In a time of ongoing economic uncertainty, one bright spot continuing into early 2010 has been a rebound in the Northern Colorado residential real estate market.
Home sales - especially those in the $250,000-and-under range - picked up noticeably in 2009 after the financial meltdown in late 2008. Contributing strongly to the uptick was an $8,000 federal tax credit for first-time homebuyers. Originally scheduled to run out in late 2009, it was extended and expanded by Congress because of its popularity with homebuyers and sellers.
The program now also offers a $6,500 tax credit to homeowners who have lived in their current home for at least five years who want to sell. To qualify, homebuyers must sign a purchase agreement by April 30.
"We saw about nine months of increasing pending home sales (in 2009)," said Sarah Bennett, president of the Fort Collins Area Board of Realtors. "I think the tax credit was just a huge incentive and impetus last year."
Bennett said expanding the federal tax credit should open up new avenues of growth in residential real estate. "The move-up buyers weren't vacating to allow new homebuyers into the market," she said. "I think it's going to be favorable.

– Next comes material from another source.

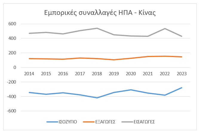 Θα πρέπει να ειπωθεί παράλληλα ότι η προσπάθεια των ΗΠΑ να κρατηθούν στην κορυφή του πλανητικού συστήματος, εκτός του ότι έχει λάβει σχεδόν μανιχαϊστικά χαρακτηριστικά (το καλό εναντίον του κακού) στο επίπεδο της πολιτικής επί εποχής διακυβέρνησης της χώρας από τους Δημοκρατικούς, ειδικά μετά την ουσιαστική απώλεια της heartland της Ευρασίας, αλλά και την σημαντική μείωση της αμερικανικής επιρροής στην ευρωασιατική remland περιλαμβάνει και μέτρα οικονομικού χαρακτήρα τα οποία, υπενθυμίζεται ότι άρχισαν με την πρώτη προεδρία Τραμπ, προκειμένου να περιοριστεί με κάθε κόστος η οικονομική και τεχνολογική εξάπλωση της Κίνας. Βέβαια οι δασμοί και τα υπόλοιπα περιοριστικά μέτρα που επιβλήθηκαν από τον Τραμπ και συνεχίζονται από τον Μπάιντεν, δεν βελτίωσαν καθόλου το εμπορικό έλλειμμα των ΗΠΑ με την Κίνα. Το εμπορικό έλλειμμα συνέχισε να διατηρείται, κατά μέσο όρο σταθερό, τόσο επί πρώτης προεδρίας Τραμπ όσο και επί προεδρίας Μπάιντεν (Γράφημα 4)

The (real estate) agents are hopeful and I think there's a cautious optimism out there."
Skyrocketing numbers of home foreclosures - especially in Weld County - over the last few years have put lots of incredible deals on the market for those lucky enough to have good credit and a stable income.

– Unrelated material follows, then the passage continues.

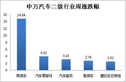 3. 個股漲跌:汽車板塊內共有251只個股,上周個股漲多跌少,其中215只個股上漲,36只個股下跌。漲幅幅均值為5.72%,中值為5.00%。漲幅最大的個股是:鵬翎股份(53.64%);跌幅最大的個股是:晉拓股份(-17.53%)。

While losing a home to foreclosure is a tragedy for those affected, the shake-up in the housing market has had some positive effects, Bennett noted.

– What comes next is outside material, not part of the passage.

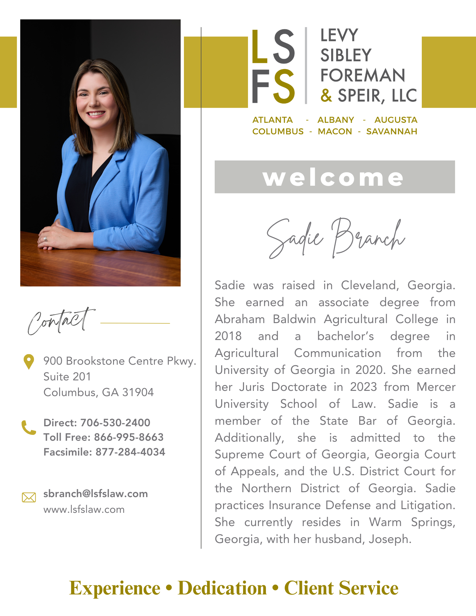 Sadie was raised in Cleveland, Georgia. She earned an associate degree from Abraham Baldwin Agricultural College in 2018 and a bachelor’s degree in Agricultural Communication from the University of Georgia in 2020. She earned her Juris Doctorate in 2023 from Mercer University School of Law. Sadie is a member of the State Bar of Georgia. Additionally, she is admitted to the Supreme Court of Georgia, Georgia Court of Appeals, and the U.S. District Court for the Northern District of Georgia. Sadie practices Insurance Defense and Litigation. She currently resides in Warm Springs, Georgia, with her husband, Joseph.

"Overall, the foreclosures have given people more opportunities to get into the market and forced sellers to make sure their homes are priced appropriately," she said.
Unfortunately, more foreclosures in Northern Colorado are expected in 2010, as additional job losses and poorly made loans intersect before the economy fully recovers.
Bennett said the real estate community has been trying to help homeowners avoid foreclosure through short sales, in which homes are sold for less than what's owed on the mortgage. But she said some lenders are making that difficult.
"Now we're saddled with delays in negotiating short sales," she said. "Lenders are letting (homes) go to foreclosure instead of short sale. It's very frustrating."
But Bennett notes that, in general, the outlook for getting a home loan seems to be brighter. "Right now it's pretty much by the book," she said. "I've heard of people who should be able to get financing who can't get financing. But I think recently there's been a little more room to maneuver."
Another hopeful indicator for 2010 home sales is a continuing near-record-low mortgage rate. The average 30-year fixed mortgage rate started the year at 5.26 percent. Bennett said she expects that to rise during the first half of 2010 and perhaps hit 6 percent by June.
"We'll have to wait and see," she said. "But 6 percent is still a historically low rate."
Mortgage rates started the year with a dip that broke a streak of five weekly increases through December. On the national level, both home prices and home sales were rising as 2009 ended. But pending sales slid in November, giving rise to speculation that, without federal tax credits propping it up, the residential market is still in a very fragile recovery mode as 2010 unfolds.